The rest of this paper is organized as follows: in Section 2, the definition of the multi-agent CA problem is given and in Section 3, we briefly review the related work. In Section 4, the history-based credit assignment method is presented and the knowledge-based method is introduced in Section 5. Section 6 presents the experimental results and Section 7 concludes the paper.

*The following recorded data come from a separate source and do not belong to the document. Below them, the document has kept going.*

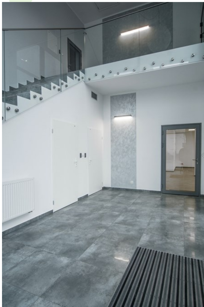
Biuro Elclim, Toruń

Oprawa przeznaczona do montażu na ścianie. Korpus wykonany z anodowanego profilu aluminiowego. Oprawa wyposażona w wysokowydajne źródła światła LED. Przesłona wykonana z polimetakrylanu metylu w kolorze białym o wysokiej przepuszczalności światła. Przesłona bez ramki montażowej. Oprawa charakteryzuje się wysoką skutecznością świetlną. Zastosowanie: biura, sale konferencyjne, korytarze, klatki schodowe itp.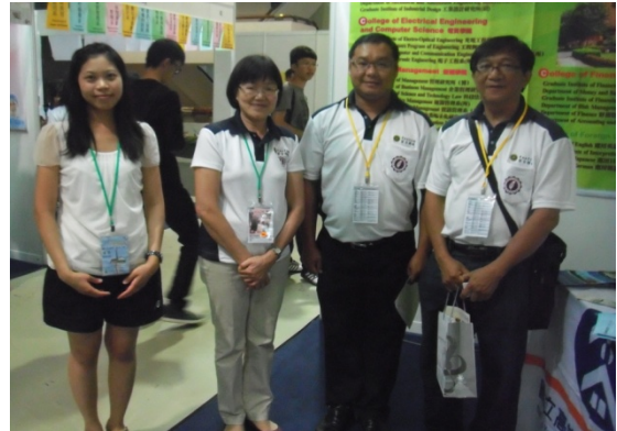
馬來西亞留台聯總會人員參觀合照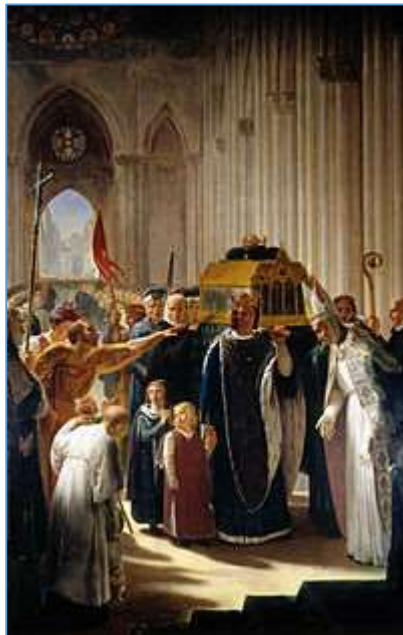
Philippe III – Le Hardi – apportant à St Denis les reliques de Saint-Louis 22.5.1671 [tableau du XVIIIème siècle]

Ses restes furent inhumés à Saint-Denis, le 22 mai 1271 , cathédrale qu'il avait fondé.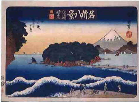
二代歌川豊国「名所八景 江ノ嶋晴嵐」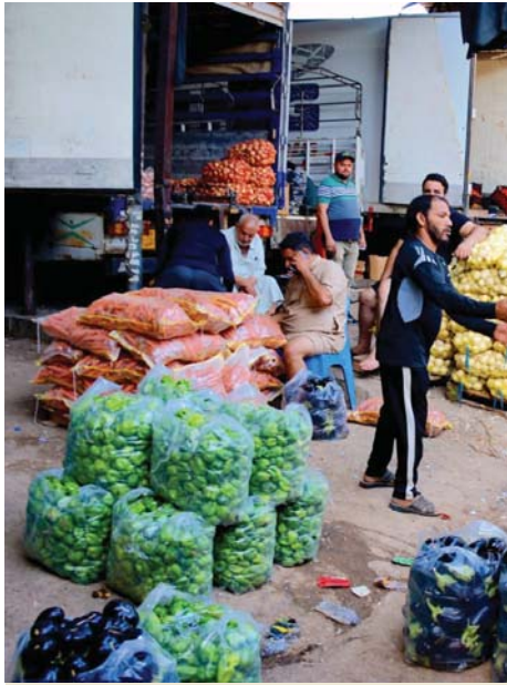
سوق جميلة الشعبية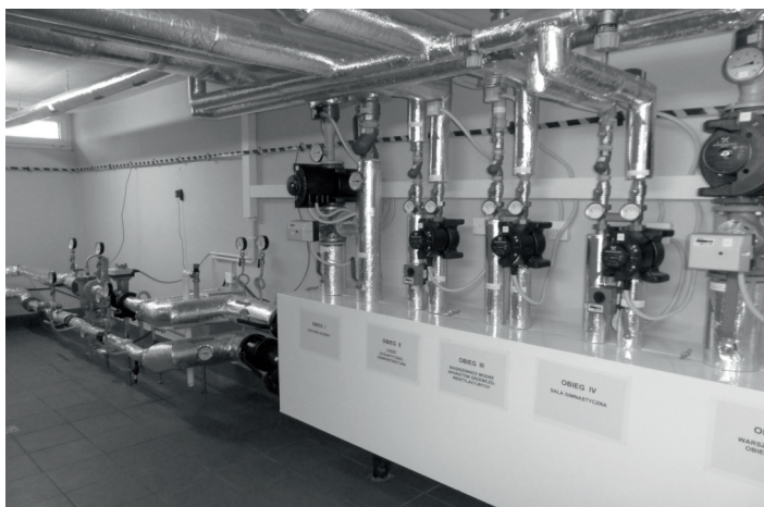
Starą kotłownię węglową zastąpiła nowoczesna wymiennikownia ciepła

Inwestycja ta przyczyni się nie tylko do poprawy komfortu cieplnego budynku, ale wpłynie na jakość powietrza atmosferycznego w najbliższej okolicy poprzez likwidację tzw. „niskiej emisji”. Już dzisiaj widoczne są efekty modernizacji. - Na razie jesteśmy jeszcze na etapie ustawiania i optymalizowania całego układu

2 Multi-agent credit assignment problem

In this section, we give the notations that will be used throughout the paper, and also the formal definition of multi-agent CA problem. In the rest of the paper, we use the following notations. The number of agents will be specified by N, n shows the current agent, and S denotes the number of states. Each agent will select its action from the allowable action set A. The state of agent i at time t denoted by $s_{t}^{i}$ and the current action selected by this agent at state $s_{t}^{i}$ shown by $a_{t}^{i}$ . The feedback to the selected action $a_{t}^{i}$ by the agent i at time t represented by $f_{t}^{i}$ and f_t is the total feedback received at time t by the team of the agents.

2.1 Problem definition

Figure 1 shows the interaction of two main actors of the problem: an environment and a group of agents in the presence of a special agent, named critic. Critic can be either external or internal. By external critic, we mean that a distinct agent (in the group of agents) exists who is equipped with the wisdom of credit distribution. In the internal critic model, every agent has a kind of knowledge in his mind that helps him to distribute the received feedback to some part of his knowledge, or gain his share from the feedback received by a group of agents.

There exists a group of agents cooperating with each other in order to reach a goal. In the reinforcement learning model, a feedback is returned from the environment to give a clue of the rate of satisfaction of the environment from the action selected by the agent group. The feedback can be the consequence of the previous actions carried out by the agents meaning that there is a time interval between the action that is performed and its consequence in the form of a feedback. If each individual in the group of agents wants to use his own share of the reinforcement received by the environment, there is a need for someone to convert the scalar feedback (reinforcement) f_t to a vector of feedbacks $[f_{t}^{1}, f_{t}^{2}, . . . f_{t}^{N}]$ , where N is the number of agents and $f_{t}^{i}$ is intended to be given to the i^th agent, and with that, each member of the team can pursue his own individual learning, independent of the others. The critic is responsible for feedback distribution and generally has no information about the task assigned to the group of agents, and also about the duty of each agent in the team; the only thing available to him is the vector of actions selected by agents $[a_{t}^{1}, a_{t}^{2}, . . . a_{t}^{N}]$ . The critic can improve the quality of credit assignment over time, this is what we mean as “critic learning”. In the process of learning, either the critic learn the task of the agents, or it can learn the assignment, without learning the task.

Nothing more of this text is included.